Wat we eten en hoe we eten staat meer dan ooit in de belangstelling. De strakke militaire hiërarchie in restaurants, die mannen in staat stelde om zonder gezichtsverlies een feminien beroep uit te oefenen, verdwijnt. We zien steeds meer vrouwen op interessante manieren koken en ondernemen. “Niet langer in de schaduw, maar op de voorgrond”, zeggen gastronauten Nina Slagmolen (culinair fotograaf) en Sheila Struyck (schrijvend chef). Voor Food Inspiration maken zij een serie portretten van de vrouwen die de toon zetten in culinair Nederland. 

Vandaag: Angélique Schmeinck. Deze SVH Meesterkok, die bij het grote publiek vooral bekend is van haar culinaire tv-programma’s en kookboeken, is een vakvrouw die na ruim veertig jaar kookervaring uitersten weet te verenigen: reflectie en perfectie, adrenaline en mindfulness. Pas als iets onmogelijk lijkt, wakkert het haar interesse aan. Maar ze pleit óók voor minimalisme en versimpeling. Ze geniet van de vrijheid als ondernemer, maar toch mist ze soms de reuring van een brigade en collega-chefs. 

De vliegende patron-cuisinier

Er was helaas geen plek voor ons allebei in ‘de keuken’. Fotograaf Nina had mazzel en mocht meevaren met CuliAir, het enige haute cuisine skydining restaurant ter wereld in een luchtballon. Al negentien jaar is Angélique Schmeinck daar de patron-cuisinier. In haar eentje verzorgt ze een vijfgangendiner in de lucht. Ze begon op haar vijftiende als leerling, klom op in de brigade van bekende zaken, en liep stage in Franse sterrenrestaurants. Twaalf jaar lang was ze chef-kok van de Kromme Dissel* in Heelsum. Ze werd ladychef van het jaar (1998), schreef kookboeken, begon in 2003 met CuliAir, fotografeert, maakte tv-programma’s voor Aperitivo en op 24Kitchen, heeft een culinaire galerie waar ze Art&Tastings en sauscolleges organiseert en geeft smaakadvies aan bedrijven en restaurants. Ze is een van de twee vrouwelijke SVH Meesterkoks die Nederland rijk is. 
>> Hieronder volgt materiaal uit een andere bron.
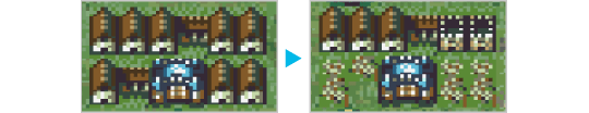 コマンドメニュー「むら」で入ったことのない村は、盗賊に破壊されることがあります。盗賊は毎ターン少しずつ村を破壊していき、門以外の場所をすべて破壊された村は消滅してしまいます。さらに、破壊された村では、「むら」を選んだときもらえるお金が、通常より減るので注意しましょう。 ![]() |
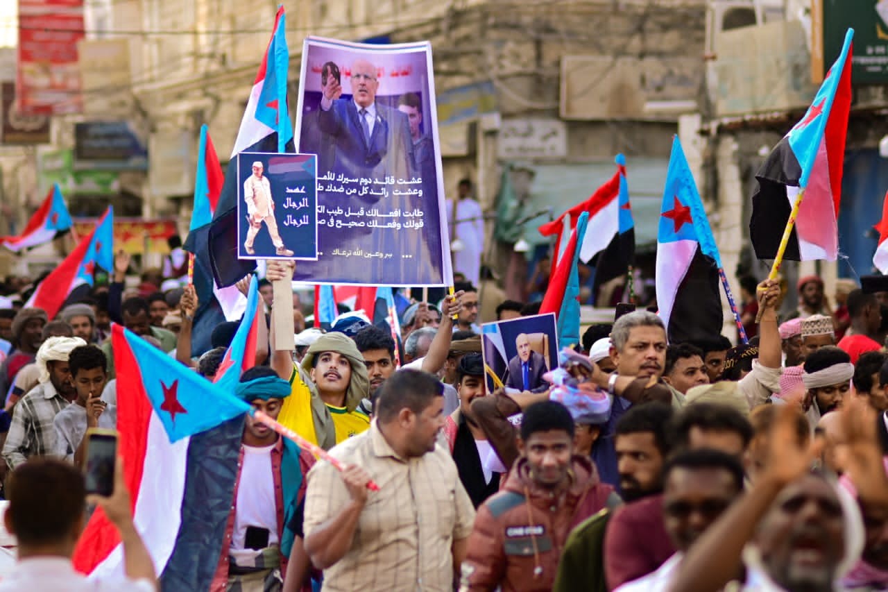 ورفع المشاركون أعلام دولة الجنوب العربي، وصور الرئيس القائد عيدروس بن قاسم الزُبيدي، ونائبه اللواء الركن فرج سالمين البحسني، إلى جانب لافتات وشعارات رافضة لقرار حل المجلس الانتقالي الجنوبي، ومنددة بمحاولات استهدافه أو النيل من حضوره السياسي والشعبي.
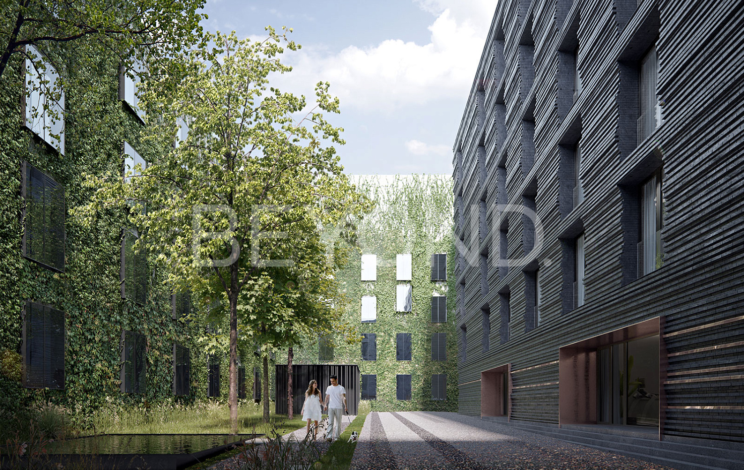 Пентхаус находится в особняке «Порода» – это новый осjбняк в комплексе Большая Дмитровка IX, фасад которого выполнен из темного туфа. Лобби – это роскошная парадная галерея, украшенная мрамором и декоративными элементами из стали.
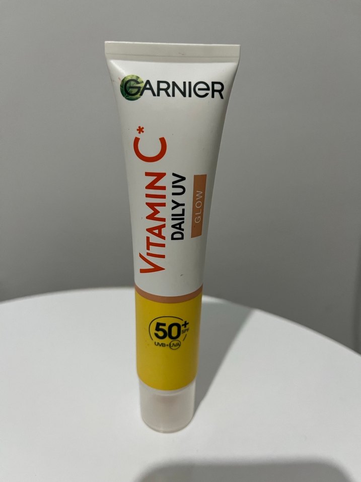 Garnier Vitamin C Daily UV Glow güneş kremi SPF 50+ koruma sağlar ve cildi UVA ile UVB ışınlarına karşı koruyarak ışıltılı bir görünüm kazandırır. Rengi tenime bi tık koyu geldiği için hiç kullanamadım.
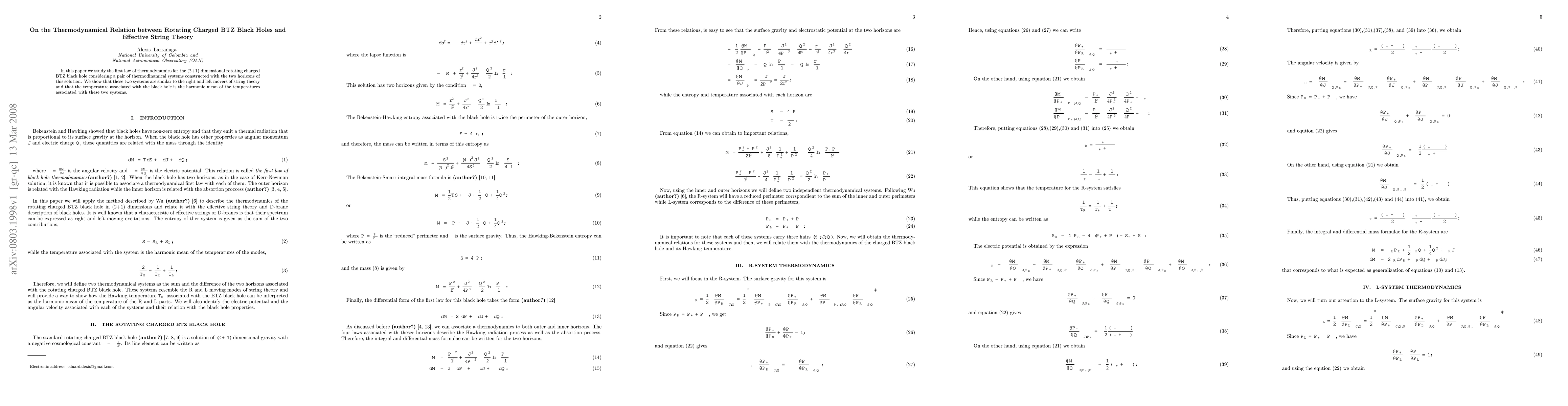 This paper investigates the thermodynamical first law for rotating charged BTZ black holes in (2+1) dimensions, revealing a connection between the two horizons and effective string theory, where the black hole temperature is the harmonic mean of the temperatures of the corresponding string theory systems.
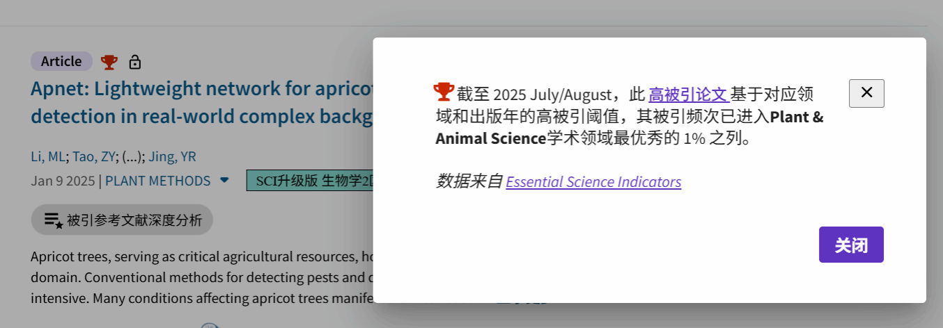 [1] Li M, Tao Z, Yan W, et al. Apnet: Lightweight network for apricot tree disease and pest detection in real-world complex backgrounds[J]. Plant Methods, 2025, 21(1): 4.

“Ik heb nog nooit zoiets vets meegemaakt”, vertelt Nina me de dag erna. “De adembenemende stilte boven de wolken, de kalmte waarmee Angélique staat te koken. Het was onvergetelijk. Het waren bijzondere gasten, echt mensen die er lang voor hadden gespaard of het als een speciaal cadeau hadden gekregen. Ik vraag me wel af hoe Angélique zo koelbloedig komt.”

Een paar weken later rijd ik door een doodgewoon straatje in Velp op zoek naar de culinaire galerie. Ineens duikt een lang zachtgrijs gebouw op, met veel grote ramen en een paar mooie terrassen. De metershoge druif en Chinese mahonie genieten met volle teugen van de zon. Binnen hangt de immense galerie vol met fotowerken van Schmeinck, er is een gigantisch lange tafel en een foodbar. In de ruimte staan kunstig beschilderde vrouwenbenen met een dienblad erop. “Tja, dat was een idee voor walking diners, ik had er bijna vijfenzeventig laten maken. Het idee kwam te vroeg.” In de lange wandkast staan de boeken op kleur gesorteerd en in de ruime productiekeuken staat de kleurrijke mise-en-place al klaar. 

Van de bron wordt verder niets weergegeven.